Both options might be part of the mayor's strategy. By shelving the lawsuit, Mr. Schmoke clears the deck of a potential hazard to his gubernatorial ambitions. When the mayor said last year he wanted the courts to order the state to spend more money on poor school districts, he generated tremendous animus in influential Montgomery County, the state's biggest and wealthiest subdivision. Before Mr. Schmoke can run for the Governor's Mansion, he must convince voters in Montgomery and other rich counties he is a friend, not a foe.

Dropping the idea of a lawsuit certainly has the earmarkings of a political step in that direction. But it could also serve another purpose: signaling state lawmakers that the city is willing to work with a gubernatorial commission on a new school-aid formula to close the gap between rich and poor school districts. Mr. Schmoke's cooperative approach could spur lawmakers to make broad changes in the aid formula that would help poor school districts such as Baltimore City.

This approach won't lead to a long-term solution. Past changes in the state's aid formula have not closed the spending gap between rich and poor school districts for long. After four or five years, the disparity returns to previous levels and starts widening again. Erasing this gap would require a tremendous cut in aid to wealthy counties or a massive increase in the $1.8 billion state aid package. Neither step is a realistic possibility at this time.

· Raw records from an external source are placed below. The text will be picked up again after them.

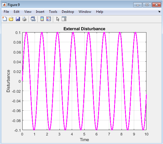 Disturbance | d(t)=0.1sin(5t) | Bounded external disturbance |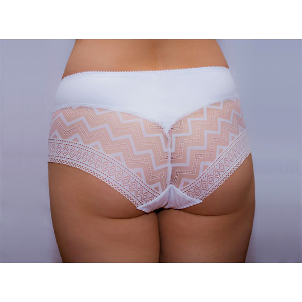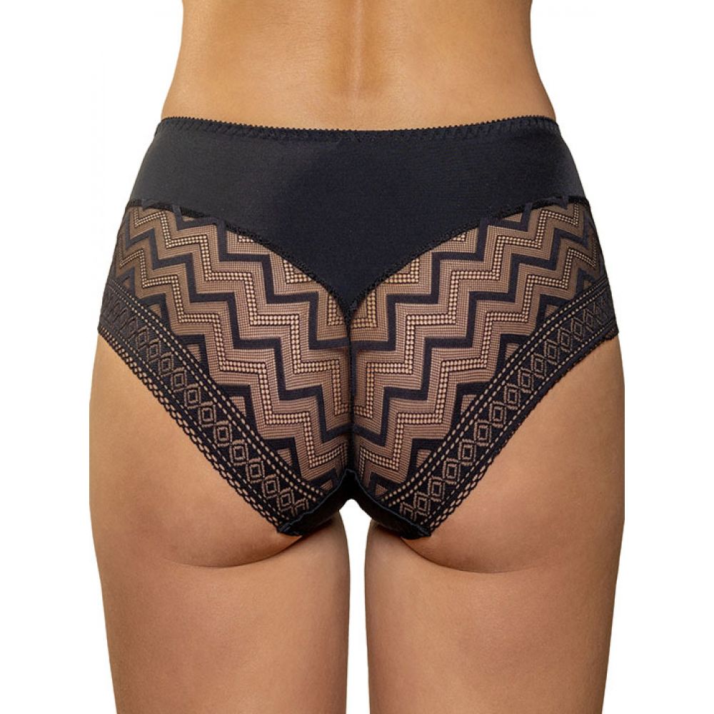 Трусы-слип комфорт с завышенной линией талии. Выполнены из микрофибры без блеска и эластичного кружева с орнаментом "геометрия". Ультратонкое эластичное кружево, как "вторая" кожа. Идеально подходят для обтягивающих брюк и юбок.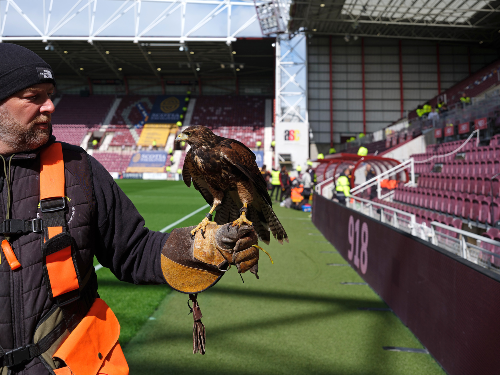 Bloomberg -Rocky, Harrisov jastreb, koji odvraća ptice od okupljanja na terenu ili na tribinama stadiona
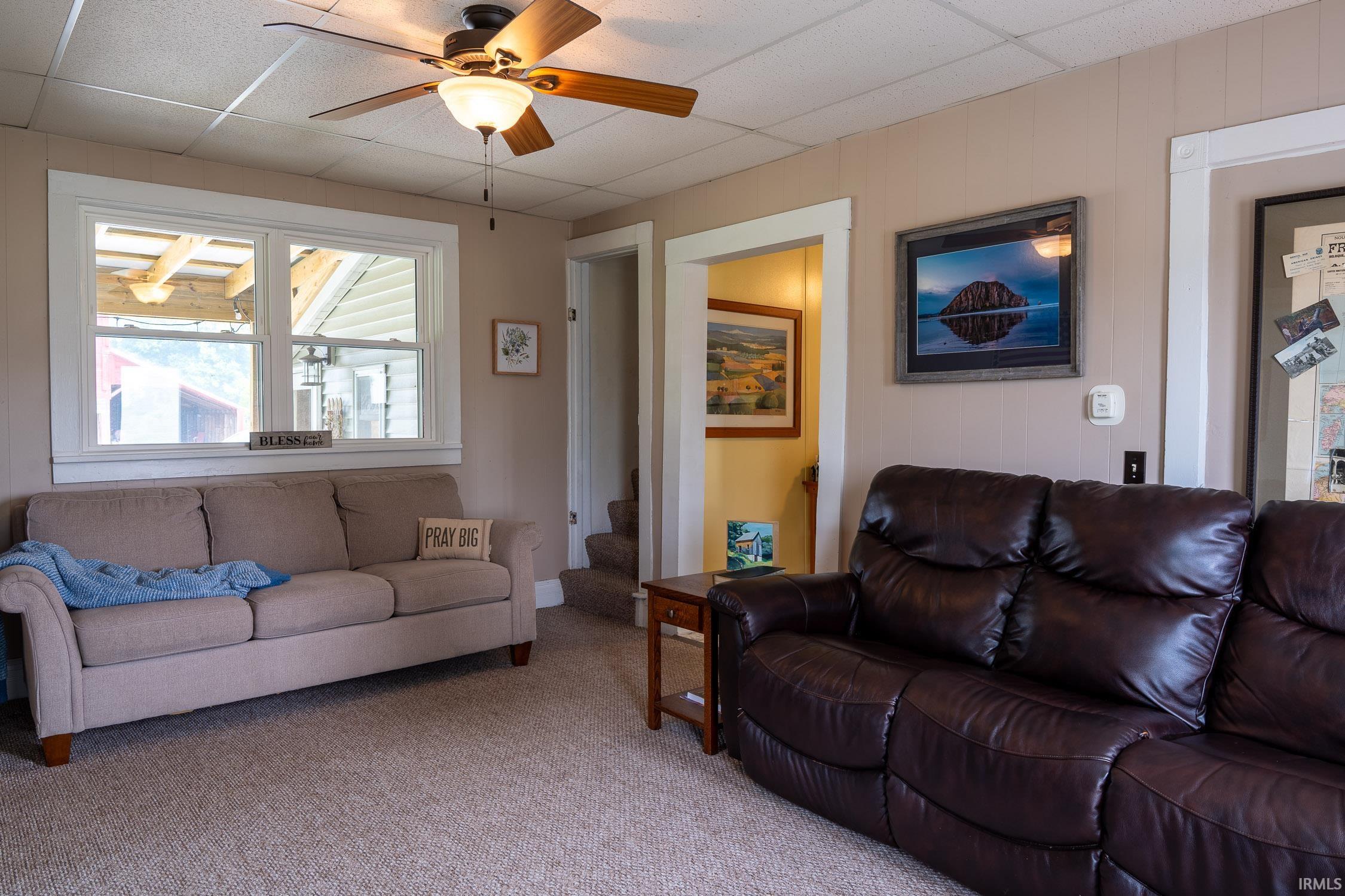 A unicorn in today's marketplace! 5 acres of rolling rural countryside in Howe, IN. Cute 1, 740 sq.ft. single family home with 4 beds and 2 full baths. ALL NEW windows, siding, gutters, entry doors, and patio cover in 2021. NEW metal roof in 2016 and tastefully decorated! Updated downstairs bathroom, remodeled upstairs master bedroom, newly graded and graveled driveway, a kitchen window made for bird lovers, and a cute office and sitting room off the living room. Outside, there is a 36' x 28' barn with concrete floor and metal roof, 36' x 13' lean-to, 48' x 20' 3-sided hay barn, and a 16' x 12' shed with new metal roof, new doors, and siding to match the house! Very productive hay fields and gorgeous, secluded views!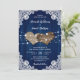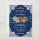 Rustic Navy Blue Wood Burlap Lace Wedding Invitation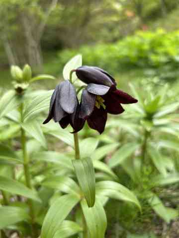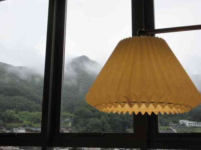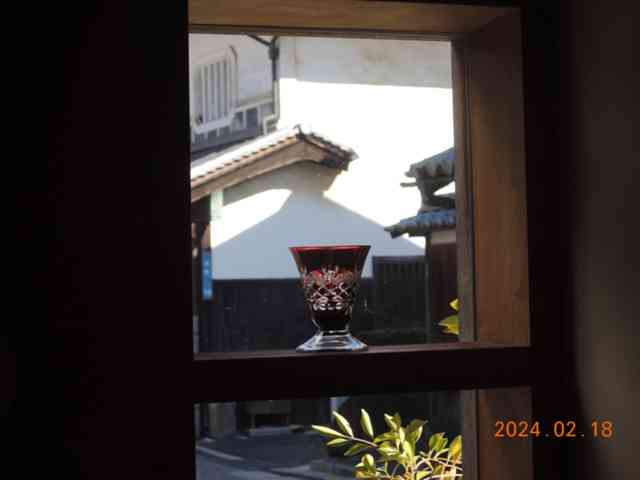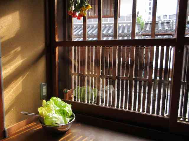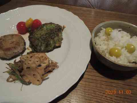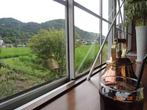 大玻璃に雑木林やむかご飯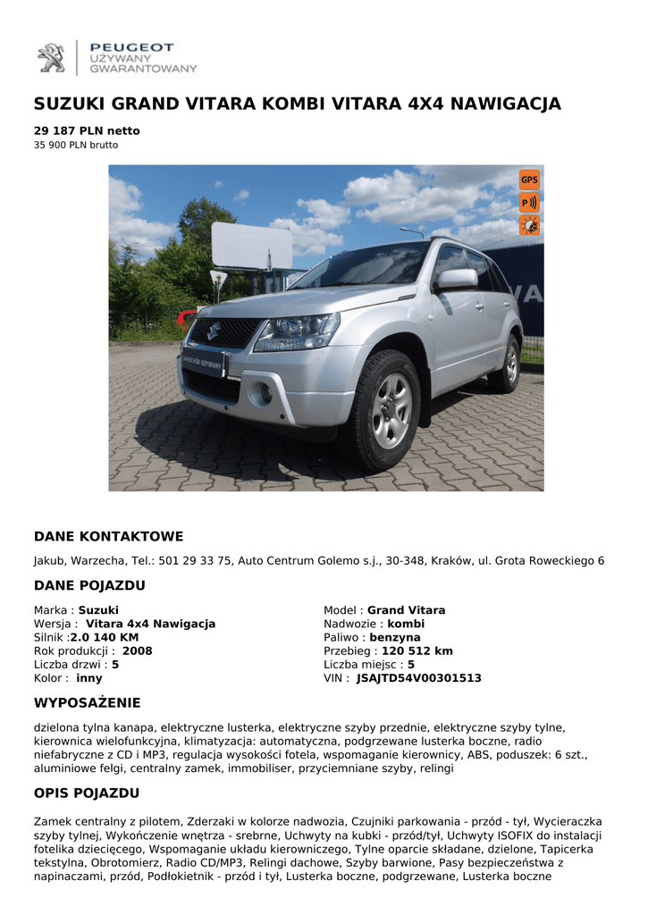 SUZUKI GRAND VITARA KOMBI VITARA 4X4 NAWIGACJA 29 187 PLN netto 35 900 PLN brutto DANE KONTAKTOWE Jakub, Warzecha, Tel.: 501 29 33 75, Auto Centrum Golemo s.j., 30-348, Kraków, ul. Grota Roweckiego 6 DANE POJAZDU Marka : Suzuki Wersja : Vitara 4x4 Nawigacja Silnik :2.0 140 KM Rok produkcji : 2008 Liczba drzwi : 5 Kolor : inny Model : Grand Vitara Nadwozie : kombi Paliwo : benzyna Przebieg : 120 512 km Liczba miejsc : 5 VIN : JSAJTD54V00301513 WYPOSAŻENIE dzielona tylna kanapa, elektryczne lusterka, elektryczne szyby przednie, elektryczne szyby tylne, kierownica wielofunkcyjna, klimatyzacja: automatyczna, podgrzewane lusterka boczne, radio niefabryczne z CD i MP3, regulacja wysokości fotela, wspomaganie kierownicy, ABS, poduszek: 6 szt., aluminiowe felgi, centralny zamek, immobiliser, przyciemniane szyby, relingi OPIS POJAZDU Zamek centralny z pilotem, Zderzaki w kolorze nadwozia, Czujniki parkowania - przód - tył, Wycieraczka szyby tylnej, Wykończenie wnętrza - srebrne, Uchwyty na kubki - przód/tył, Uchwyty ISOFIX do instalacji fotelika dziecięcego, Wspomaganie układu kierowniczego, Tylne oparcie składane, dzielone, Tapicerka tekstylna, Obrotomierz, Radio CD/MP3, Relingi dachowe, Szyby barwione, Pasy bezpieczeństwa z napinaczami, przód, Podłokietnik - przód i tył, Lusterka boczne, podgrzewane, Lusterka boczne regulowane elektrycznie, Kolumna kierownicy regulowana manualnie, Kieszenie w oparciach foteli przednich, Klimatyzacja automatyczna, Klamki zewnętrzne w kolorze nadwozia, Immobilizer, Instalacja radiowa + 4 głośniki, Kierownica ze sterowaniem radia, Fotele przednie, ogrzewane, Gniazdo 12V w bagażniku, Felgi aluminiowe 17 z ogumieniem, Fotel kierowcy z manualną regulacją wysokości, El. podnoszenie szyb, przód i tył, EBD-elektroniczny rozdział sił hamowania, ABS, BAS - asystent układu hamulcowego, Airbag 6 sztuk 4X4 OPONY DUELER A/T BRIDGESTONE !!! W przypadku zainteresowania naszą ofertą prosimy o wcześniejszy kontakt w celu potwierdzenia dostępności oraz lokalizacji samochodu !!! Więcej informacji na temat tego samochodu oraz całej naszej oferty: Autoryzowany salon Peugeot Kraków ul. Grota Roweckiego 6 Jakub Warzecha - doradca handlowy Tel. +48 501 29 33 75 Agnieszka Szymańska-Uchwat - specjalista ds. Kredytów, Lesingów i Ubezpieczeń Tel. +48 693 93 25 21 Autoryzowany salon Citroen Kraków ul. Opolska 9 Tomasz Meus – Kierownik Samochodów Używanych Tel. +48 693 93 27 67 Michał Mikołajczak - doradca handlowy Tel. +48 609 44 10 28 Agnieszka Szczuka-Łach - specjalista ds. Kredytów, Lesingów i Ubezpieczeń Tel. +48 693 93 27 69 Autoryzowany salon Peugeot Nowy Targ ul. Podtatrzańska 3 Marcin Gerlach – kierownik salonu Tel. +48 607 30 52 55 Stasik Paweł - specjalista d/s ubezpieczeń Tel. +48 725 29 16 16 QR CODE DLA OGŁOSZENIA W SERWISIE UZYWANYGWARANTOWANY.PL Powered by TCPDF (www.tcpdf.org)

If Mr. Schmoke intends to run for governor, dropping the lawsuit is a political plus. Yet without a judicial mandate, leaders in Annapolis might not have the backbone to make wholesale alterations in the way school aid is handed out. It's a calculated gamble. Mr. Schmoke may have stepped much closer to declaring his gubernatorial intentions, but in the process he may have discarded a valuable high card in the school-aid poker game.